Invest in The Hideaway Club

The Hideaways Club offer lifestyle and property investment – but it’s not a timeshare

Hovering just below the radar within vacation home property investment is the destination club. The concept has been at the fringes of investment for some time, and it’s received its share of bad press – some of it deserved. Destination clubs are meant to provide investors with a diverse, low-risk portfolio of second homes without the hassles or economic and political dangers of owning a single property in a single location. As a bonus, investors get private access to a variety of five-star properties.

It’s been a bumpy ride for the relatively new property concept. Some of the most prominent (largely American) clubs include Exclusive Resorts, Quintess, Dream Catcher Retreats and Private Escapes. Others like Ultimate Escapes, Portofino and Private Retreats – one of the first on the destination club bandwagon – have all filed for some sort of bankruptcy. But the highlight, or lowlight, was the spectacular implosion of High Country Club in 2009, replete with lawsuits, finger-pointing, accusations of fraud and 375 seething investors out more than US$7 million.

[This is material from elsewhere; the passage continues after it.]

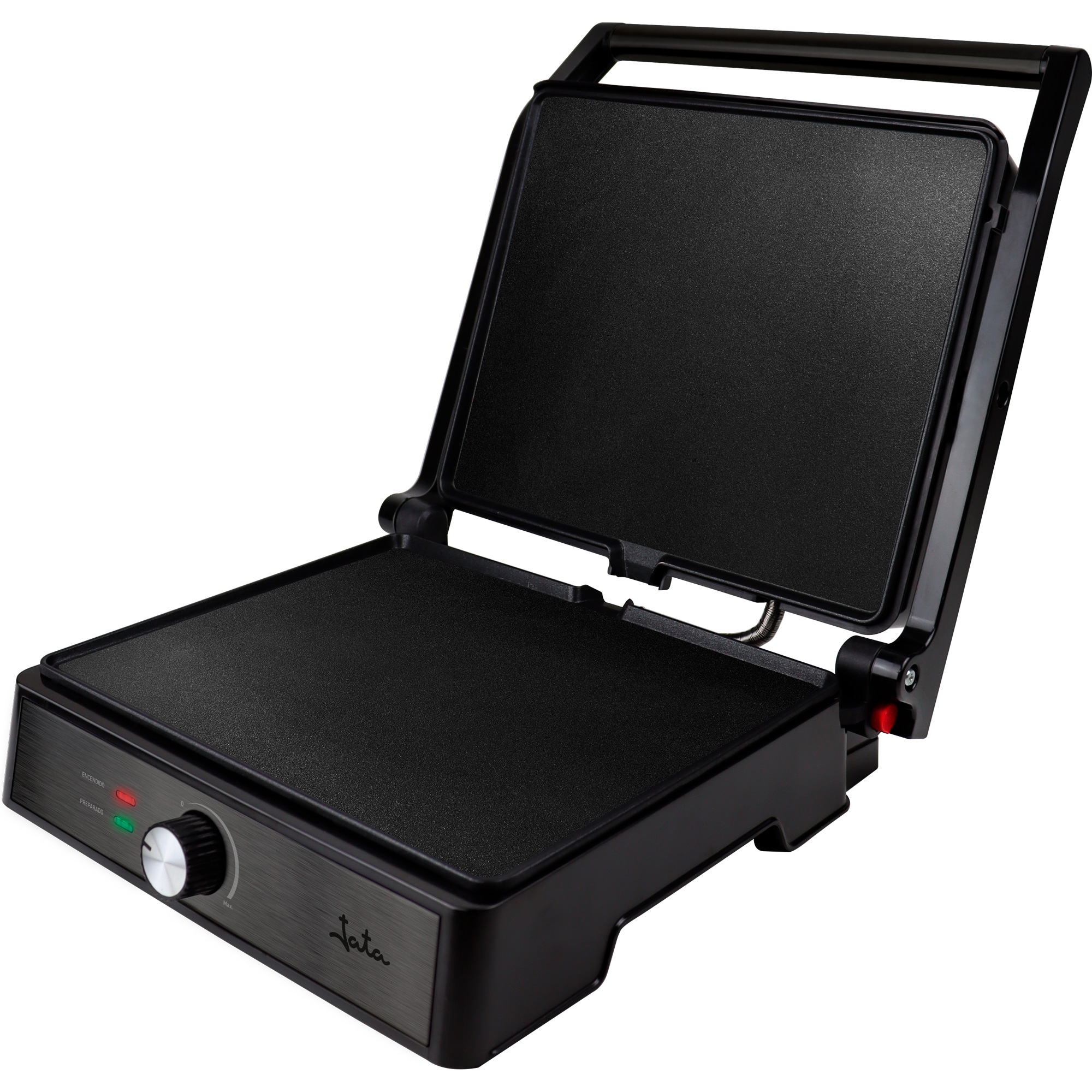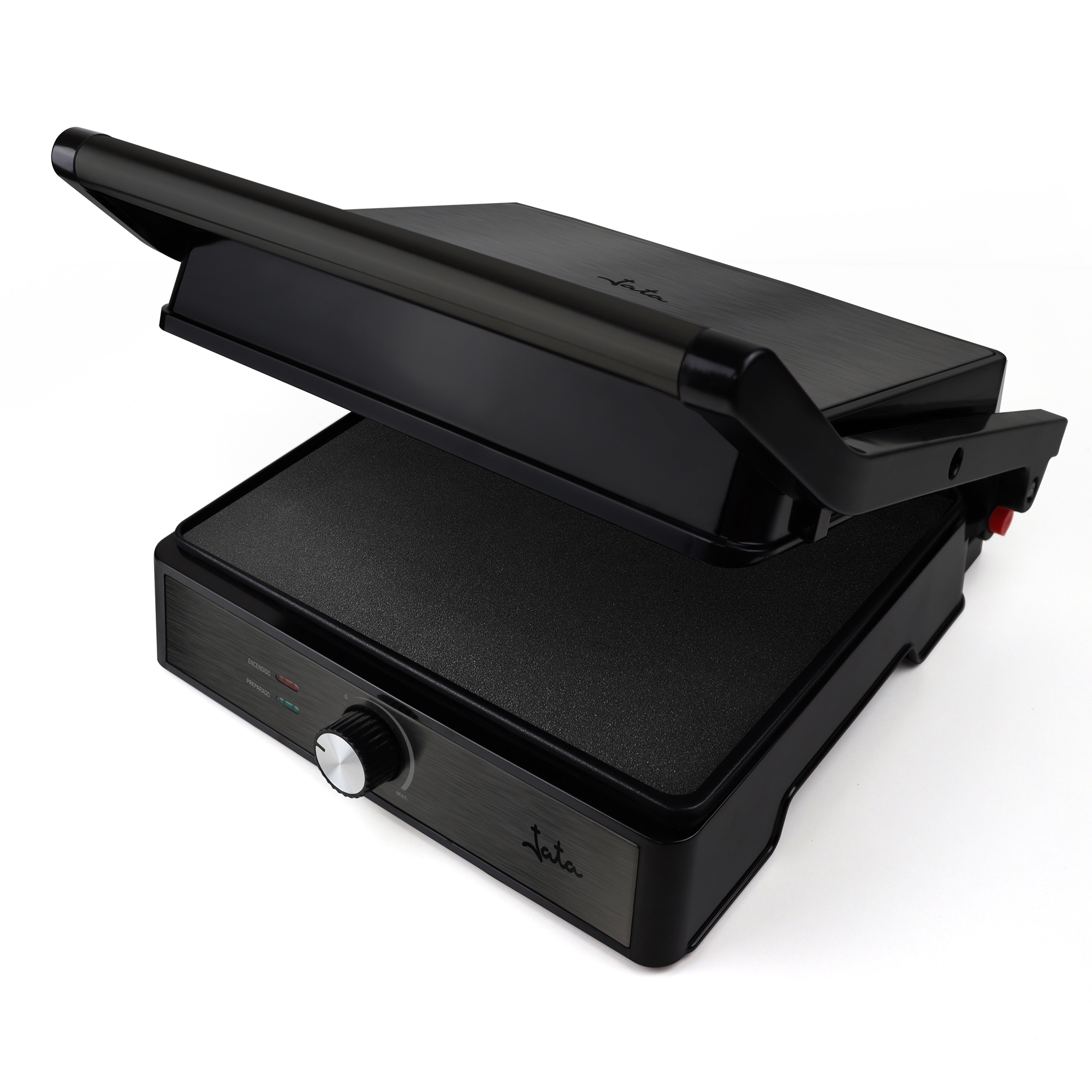 Jata JEGR1913 Contact grill Description The double grill has a tilting top plate that makes it special for cooking food of extra thickness and thanks to its 180º opening you can use it as a grill iron Features Non-stick coating free of PFOA Special floating hinge system on upper plate for the perfect cooking of extra volume foods 180º open as a grill Overheat safety protection Cold touch handles Uniform grill pressure 2 independent pilot lights: On / Ready Plates: 290 x 240 mm Sauce collecting tray Voltage 230 V Power 2.000 W

“They were definitely the remnants of timeshare, and you got usage but not ownership. I would not join a scheme like that. We turned the model on its head and put all the properties in a fund that is in its entirety owned by the members of the fund,” says Mike Balfour, chair of The Hideaways Club, an accountant by training and the founder of Fitness First. Working out of offices in London, Hong Kong and Singapore, the Club’s current funds are the Classic Collection, which comprises a growing portfolio of villa properties in Majorca, Croatia, Thailand, South Africa and Switzerland among others, and the City Collection launching in May of this year. That will operate in premium urban centres such as Milan, New York, Paris, Miami and London, expanding to 120 over the next three years. Each of Hideaway’s properties comes with a dedicated local concierge that completes the lifestyle element. The properties, which the Club sources itself, guarantee spacious accommodations to suit families with kids to amuse and friends on a city break alike.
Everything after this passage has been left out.